## BERT 在Fine-tuning时 freeze 参数的影响

### freeze 全部parameter
载入预训练模型后，遍历 parameter 将 requires_grad 设置为 False

In [3]:
from transformers import BertForSequenceClassification

model_path = "/data/projects/NLP_achuan/semantic_similairy/text-semantic-similarity-bert/input/bert-base-chinese"
model = BertForSequenceClassification.from_pretrained(model_path)

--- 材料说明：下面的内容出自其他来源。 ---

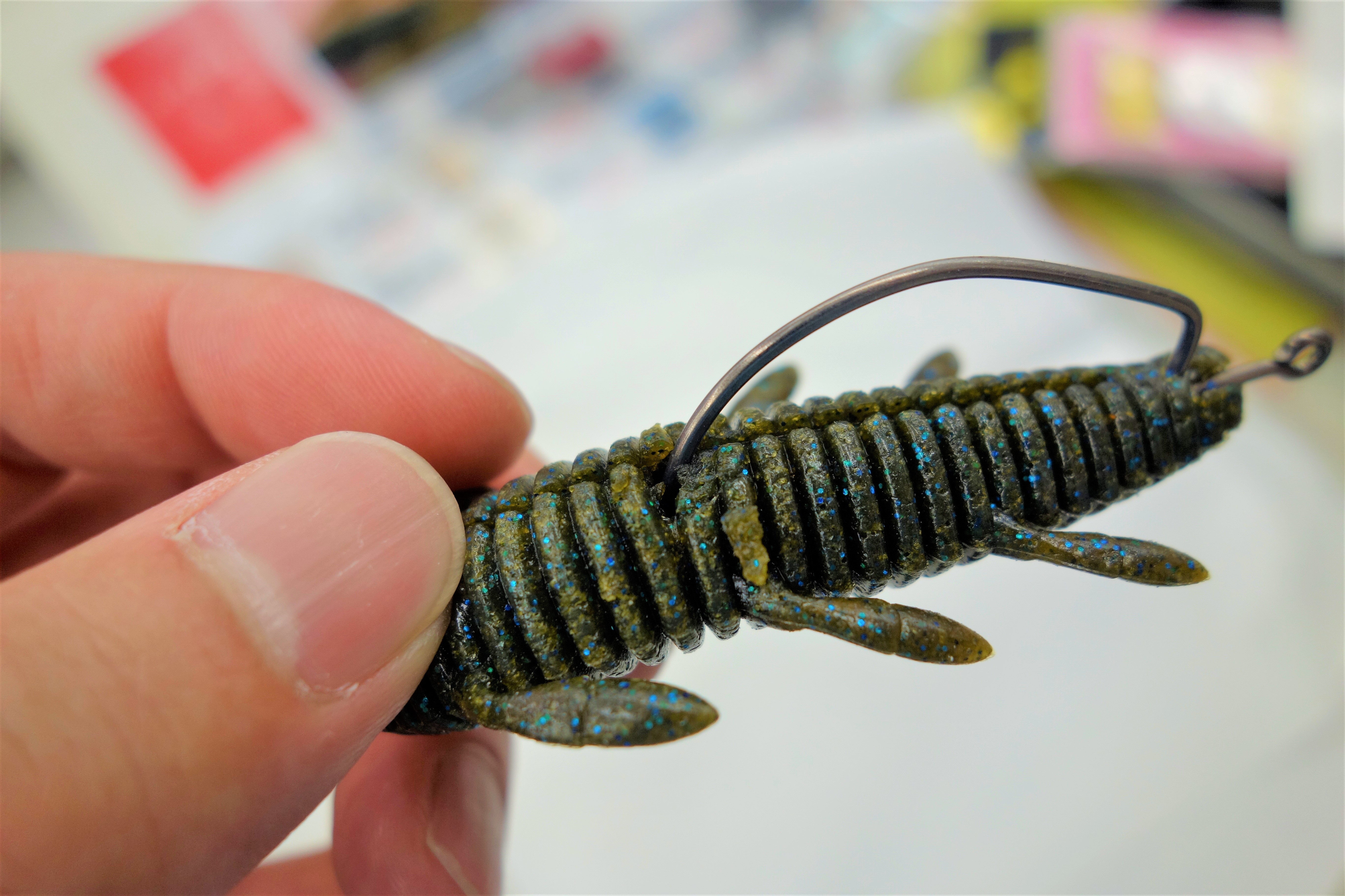 高比重ワームあるあるの挿し口やフックを貫通させた部分はどうしてもボロボロになりますよね…

Some weights of the model checkpoint at /data/projects/NLP_achuan/semantic_similairy/text-semantic-similarity-bert/input/bert-base-chinese were not used when initializing BertForSequenceClassification: ['cls.predictions.transform.LayerNorm.bias', 'cls.predictions.bias', 'cls.seq_relationship.bias', 'cls.predictions.transform.dense.weight', 'cls.predictions.transform.dense.bias', 'cls.seq_relationship.weight', 'cls.predictions.decoder.weight', 'cls.predictions.transform.LayerNorm.weight']
- This IS expected if you are initializing BertForSequenceClassification from the checkpoint of a model trained on another task or with another architecture (e.g. initializing a BertForSequenceClassification model from a BertForPreTraining model).
- This IS NOT expected if you are initializing BertForSequenceClassification from the checkpoint of a model that you expect to be exactly identical (initializing a BertForSequenceClassification model from a BertForSequenceClassification model).
Some weights o

现在验证一下model 前参数的 requires_grad 的状态

In [18]:
# model 的 parameter 接口有多个
## name_paramters 会列出 parameter_name， parameter，同时 parameter 也可以
for item in model.named_parameters():
    print('name_parameter:')
    print(type(item), len(item), item[0], type(item[1]), item[1].requires_grad)
    break

## parameter 接口,
for item in model.parameters():
    print('only parameter:')
    print(type(item), len(item), item.requires_grad)
    break

## 可以单独调出 bert 的参数
for param in model.bert.base_model.named_parameters():
    print(param[0])
    break

name_parameter:
<class 'tuple'> 2 bert.embeddings.word_embeddings.weight <class 'torch.nn.parameter.Parameter'> True
only parameter:
<class 'torch.nn.parameter.Parameter'> 21128 True
embeddings.word_embeddings.weight


现在改变 model 中 bert—base的 requires_grad 为False，然后通过named_parameters 来打印展示

In [20]:
# set false
for param in model.bert.base_model.parameters():
    param.requires_grad = False

for param in model.named_parameters():
    print(f'name: {param[0]}, status: {param[1].requires_grad}')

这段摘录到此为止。